There is a warehouse size grocery store conveniently located along my route to work. It has fresh food from all over the world. And it has less expensive organic foods that my wife’s body requires, as it cannot tolerate the herbicides and pesticides that are so widely used. Every fall it has a great variety of apples, some of which I have never heard of before and had never tasted.

It turns out that not every small, mostly green, apple tastes like the hard, mostly green, very tart apples of my childhood backyard! And it turns out that to be sweet, crisp and tasty an apple doesn’t have to be the shiny red and “apple shaped” ones of the grocery chain!

There are apples that are large, round, mostly green and are soft and sweeter and tastier than what I ever knew. And there are small, red apples whose tartness is actually delightful. In fact, I am developing an expensive taste in apples! That aside, the real lesson is that the looks and tastes I had known before were a very limited experience of the delights available. And, seeking to grow spiritually, I can easily acknowledge the Lord’s handiwork in these varieties of apples and their textures and tastes, and can thank Him for the many blessings!

This is also a lesson about how I limit myself. Most of the time I limit myself in response to the Lord’s commands. There may be only Ten Commandments, but they cover all my spiritual life. When I step over the limits described by them, which I can do in so many ways, I will be hurt or will hurt others, at least spiritually. It seems the safe thing is to be wary of stepping over the lines.

I can, however, unnecessarily limit myself. For instance, when I limit myself to the literally not lying, yet still give my wife “the silent treatment,” thus lying by omission (and also lying to myself by saying that I am not lying, only reacting properly; and since she is not fooled and knows exactly what I am thinking, it is a double whammy lie!), I am limiting my opportunity to obey the Lord and participate in my being made spiritual. There is a new delight awaiting my tasting the experience of not lying spiritually!

And so the tension of being human goes on. Spirit and body; will and understanding; self and others; self and God; earth and heaven; I exist in the perfect balance between them. To chafe against one side or the other is to live a disgruntled life. To shy away from one in fear is to live an anxious life. To make mistakes, even ones that leave scars, is inevitable. But sometimes, the apple tastes better than I have ever tasted before. What looks like an unsavory, mushy, ugly prospect, is a blessing from the Lord I am seeing in the hellish light of my evil desires and false thoughts.

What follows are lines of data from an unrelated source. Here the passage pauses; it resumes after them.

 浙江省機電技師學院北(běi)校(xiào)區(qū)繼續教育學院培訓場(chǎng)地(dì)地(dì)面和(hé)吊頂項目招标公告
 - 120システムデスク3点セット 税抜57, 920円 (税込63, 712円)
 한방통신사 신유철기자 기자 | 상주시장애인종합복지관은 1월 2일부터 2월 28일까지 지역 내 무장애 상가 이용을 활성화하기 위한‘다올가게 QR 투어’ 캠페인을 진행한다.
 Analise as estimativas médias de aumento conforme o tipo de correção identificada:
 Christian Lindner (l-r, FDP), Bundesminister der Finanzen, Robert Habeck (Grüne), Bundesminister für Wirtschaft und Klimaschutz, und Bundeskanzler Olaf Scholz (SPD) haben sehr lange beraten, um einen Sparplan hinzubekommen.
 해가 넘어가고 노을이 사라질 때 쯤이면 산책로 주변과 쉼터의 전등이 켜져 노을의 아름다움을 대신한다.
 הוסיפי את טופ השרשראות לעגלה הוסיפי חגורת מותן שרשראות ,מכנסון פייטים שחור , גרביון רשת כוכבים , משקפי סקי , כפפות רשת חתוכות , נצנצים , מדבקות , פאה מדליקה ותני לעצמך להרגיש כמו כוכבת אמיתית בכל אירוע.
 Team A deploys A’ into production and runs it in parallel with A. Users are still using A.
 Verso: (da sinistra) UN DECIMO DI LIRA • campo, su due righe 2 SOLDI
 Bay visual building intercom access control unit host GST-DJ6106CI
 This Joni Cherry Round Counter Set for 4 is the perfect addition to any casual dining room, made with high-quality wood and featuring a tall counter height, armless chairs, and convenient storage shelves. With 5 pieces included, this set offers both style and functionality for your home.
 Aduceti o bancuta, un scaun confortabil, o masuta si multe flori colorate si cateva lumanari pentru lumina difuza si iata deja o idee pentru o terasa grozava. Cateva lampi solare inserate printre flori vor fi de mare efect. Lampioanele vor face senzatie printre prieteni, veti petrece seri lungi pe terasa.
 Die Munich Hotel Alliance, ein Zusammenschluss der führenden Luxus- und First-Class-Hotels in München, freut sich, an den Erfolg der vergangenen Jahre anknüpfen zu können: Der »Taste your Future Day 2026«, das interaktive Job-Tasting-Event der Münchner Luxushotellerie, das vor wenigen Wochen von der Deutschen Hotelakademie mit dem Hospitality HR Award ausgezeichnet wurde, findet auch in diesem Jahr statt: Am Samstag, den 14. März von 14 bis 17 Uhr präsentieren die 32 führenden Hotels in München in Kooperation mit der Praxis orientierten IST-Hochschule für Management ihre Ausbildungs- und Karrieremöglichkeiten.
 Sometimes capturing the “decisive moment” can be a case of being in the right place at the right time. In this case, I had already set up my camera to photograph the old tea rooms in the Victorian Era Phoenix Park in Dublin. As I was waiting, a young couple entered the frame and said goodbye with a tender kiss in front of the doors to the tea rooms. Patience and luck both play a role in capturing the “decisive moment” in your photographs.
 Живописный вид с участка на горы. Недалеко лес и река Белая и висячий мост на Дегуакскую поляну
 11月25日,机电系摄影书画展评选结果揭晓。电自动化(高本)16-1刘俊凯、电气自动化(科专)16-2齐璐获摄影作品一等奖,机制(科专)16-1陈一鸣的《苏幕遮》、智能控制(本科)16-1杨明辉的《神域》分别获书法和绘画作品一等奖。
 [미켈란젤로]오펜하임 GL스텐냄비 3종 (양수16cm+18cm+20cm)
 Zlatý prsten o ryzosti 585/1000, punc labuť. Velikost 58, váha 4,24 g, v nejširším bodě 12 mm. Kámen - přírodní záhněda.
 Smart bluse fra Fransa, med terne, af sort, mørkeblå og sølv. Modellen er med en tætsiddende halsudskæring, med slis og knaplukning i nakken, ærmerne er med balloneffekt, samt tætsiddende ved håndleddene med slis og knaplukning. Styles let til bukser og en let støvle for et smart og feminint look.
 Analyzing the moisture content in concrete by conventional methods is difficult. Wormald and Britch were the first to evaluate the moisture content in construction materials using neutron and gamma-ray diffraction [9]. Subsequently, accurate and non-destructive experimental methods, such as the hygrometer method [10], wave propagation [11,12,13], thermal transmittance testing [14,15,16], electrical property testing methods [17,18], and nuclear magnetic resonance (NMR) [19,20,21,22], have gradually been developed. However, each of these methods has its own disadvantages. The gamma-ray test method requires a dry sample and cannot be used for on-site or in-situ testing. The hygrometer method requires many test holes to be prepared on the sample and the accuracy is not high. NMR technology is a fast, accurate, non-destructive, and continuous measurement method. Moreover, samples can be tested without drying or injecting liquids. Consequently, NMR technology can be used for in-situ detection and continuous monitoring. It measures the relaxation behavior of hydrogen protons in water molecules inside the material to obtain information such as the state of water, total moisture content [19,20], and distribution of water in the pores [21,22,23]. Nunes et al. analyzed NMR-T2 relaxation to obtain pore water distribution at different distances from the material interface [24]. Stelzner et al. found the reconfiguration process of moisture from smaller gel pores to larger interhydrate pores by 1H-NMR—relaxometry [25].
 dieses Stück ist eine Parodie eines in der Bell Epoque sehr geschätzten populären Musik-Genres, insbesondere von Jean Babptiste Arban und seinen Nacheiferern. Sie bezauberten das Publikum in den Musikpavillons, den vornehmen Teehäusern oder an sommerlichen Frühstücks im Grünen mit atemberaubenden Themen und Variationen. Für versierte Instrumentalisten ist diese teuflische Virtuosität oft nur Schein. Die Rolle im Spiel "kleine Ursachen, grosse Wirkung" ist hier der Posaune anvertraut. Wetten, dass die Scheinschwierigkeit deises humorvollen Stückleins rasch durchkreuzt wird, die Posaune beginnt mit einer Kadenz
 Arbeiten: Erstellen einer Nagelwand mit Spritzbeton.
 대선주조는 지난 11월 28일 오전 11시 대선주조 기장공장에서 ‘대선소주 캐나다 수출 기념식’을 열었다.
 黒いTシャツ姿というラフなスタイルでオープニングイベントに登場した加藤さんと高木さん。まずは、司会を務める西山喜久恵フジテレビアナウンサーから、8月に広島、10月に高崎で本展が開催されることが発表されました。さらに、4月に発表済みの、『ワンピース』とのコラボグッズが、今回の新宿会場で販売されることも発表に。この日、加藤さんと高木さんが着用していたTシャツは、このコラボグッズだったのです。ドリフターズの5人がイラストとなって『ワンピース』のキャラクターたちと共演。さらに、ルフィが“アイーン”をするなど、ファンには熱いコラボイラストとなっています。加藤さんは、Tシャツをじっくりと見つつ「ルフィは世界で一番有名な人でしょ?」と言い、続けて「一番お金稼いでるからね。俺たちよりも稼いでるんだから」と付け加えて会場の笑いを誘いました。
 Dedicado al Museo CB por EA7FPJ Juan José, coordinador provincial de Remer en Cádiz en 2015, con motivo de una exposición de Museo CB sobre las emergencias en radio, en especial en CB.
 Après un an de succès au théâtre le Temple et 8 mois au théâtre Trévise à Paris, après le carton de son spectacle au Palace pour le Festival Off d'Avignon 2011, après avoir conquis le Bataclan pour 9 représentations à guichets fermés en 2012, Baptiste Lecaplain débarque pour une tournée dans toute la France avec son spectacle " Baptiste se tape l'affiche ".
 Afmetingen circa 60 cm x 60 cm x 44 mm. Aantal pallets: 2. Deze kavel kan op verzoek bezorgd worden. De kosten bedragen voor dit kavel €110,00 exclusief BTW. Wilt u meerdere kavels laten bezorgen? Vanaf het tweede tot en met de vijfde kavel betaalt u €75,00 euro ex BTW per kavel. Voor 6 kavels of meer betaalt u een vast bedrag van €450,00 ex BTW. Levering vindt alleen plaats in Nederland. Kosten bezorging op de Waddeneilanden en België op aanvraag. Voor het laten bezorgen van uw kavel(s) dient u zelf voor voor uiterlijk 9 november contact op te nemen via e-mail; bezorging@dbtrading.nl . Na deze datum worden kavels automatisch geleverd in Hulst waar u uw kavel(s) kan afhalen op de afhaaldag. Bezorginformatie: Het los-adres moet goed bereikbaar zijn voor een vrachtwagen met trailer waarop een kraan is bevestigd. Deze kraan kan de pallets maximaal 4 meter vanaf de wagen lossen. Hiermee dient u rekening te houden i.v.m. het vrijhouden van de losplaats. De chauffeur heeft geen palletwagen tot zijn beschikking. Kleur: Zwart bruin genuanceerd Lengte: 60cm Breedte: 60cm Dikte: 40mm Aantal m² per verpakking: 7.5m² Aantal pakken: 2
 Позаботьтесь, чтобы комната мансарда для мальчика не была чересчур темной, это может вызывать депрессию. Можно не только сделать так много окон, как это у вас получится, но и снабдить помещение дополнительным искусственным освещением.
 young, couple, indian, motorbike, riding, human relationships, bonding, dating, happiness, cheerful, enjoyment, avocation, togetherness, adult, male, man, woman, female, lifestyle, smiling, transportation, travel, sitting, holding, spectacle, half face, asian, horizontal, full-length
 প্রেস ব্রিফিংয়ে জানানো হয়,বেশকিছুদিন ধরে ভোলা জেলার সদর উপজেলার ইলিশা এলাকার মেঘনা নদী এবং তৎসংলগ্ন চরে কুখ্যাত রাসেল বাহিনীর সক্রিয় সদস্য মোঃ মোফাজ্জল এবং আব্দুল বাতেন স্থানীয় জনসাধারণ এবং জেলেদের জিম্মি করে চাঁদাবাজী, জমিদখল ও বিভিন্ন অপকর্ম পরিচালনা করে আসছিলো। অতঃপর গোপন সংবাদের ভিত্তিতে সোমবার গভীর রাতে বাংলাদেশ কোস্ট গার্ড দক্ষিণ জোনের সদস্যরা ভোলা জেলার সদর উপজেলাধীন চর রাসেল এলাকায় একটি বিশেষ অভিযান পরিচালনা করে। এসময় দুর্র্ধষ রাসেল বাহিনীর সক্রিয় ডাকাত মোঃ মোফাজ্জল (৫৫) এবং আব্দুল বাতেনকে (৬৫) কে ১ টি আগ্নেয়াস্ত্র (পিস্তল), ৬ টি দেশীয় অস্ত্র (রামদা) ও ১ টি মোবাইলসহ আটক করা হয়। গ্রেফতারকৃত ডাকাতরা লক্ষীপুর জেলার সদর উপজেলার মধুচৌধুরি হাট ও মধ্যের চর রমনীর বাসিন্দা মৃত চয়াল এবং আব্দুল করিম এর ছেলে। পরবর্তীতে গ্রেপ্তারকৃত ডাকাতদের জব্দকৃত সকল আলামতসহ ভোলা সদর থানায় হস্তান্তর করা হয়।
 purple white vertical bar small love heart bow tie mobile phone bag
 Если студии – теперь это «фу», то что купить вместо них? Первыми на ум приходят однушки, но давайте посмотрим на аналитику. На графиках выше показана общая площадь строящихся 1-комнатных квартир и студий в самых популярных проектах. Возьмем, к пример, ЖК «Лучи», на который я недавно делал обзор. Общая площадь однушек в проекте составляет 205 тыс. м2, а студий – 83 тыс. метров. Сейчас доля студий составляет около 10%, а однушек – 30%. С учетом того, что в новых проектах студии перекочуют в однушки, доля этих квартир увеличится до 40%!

A side story, that perhaps doesn’t fit neatly into this metaphor, is the fact that I discovered these new apples because my wife asked me to get her a variety of organic apples, in order to try them all to find those her body could tolerate. Of course, those that didn’t suit her needs I had to eat! In a sense, then, I was forced to expand my limits. Some outside pressure coerced me! I didn’t choose to expand my life. But when it happened, I discovered a wonderful blessing from the Lord. The interpretation I am giving this (although there are others!) is that “it’s all good!” Good and bad things happen, and I do good and bad things, I do things right and I make mistakes, but in every case, there is the potential of discovering a new blessing from the Lord. I constantly pray to the Lord that my eyes would be open to the blessing!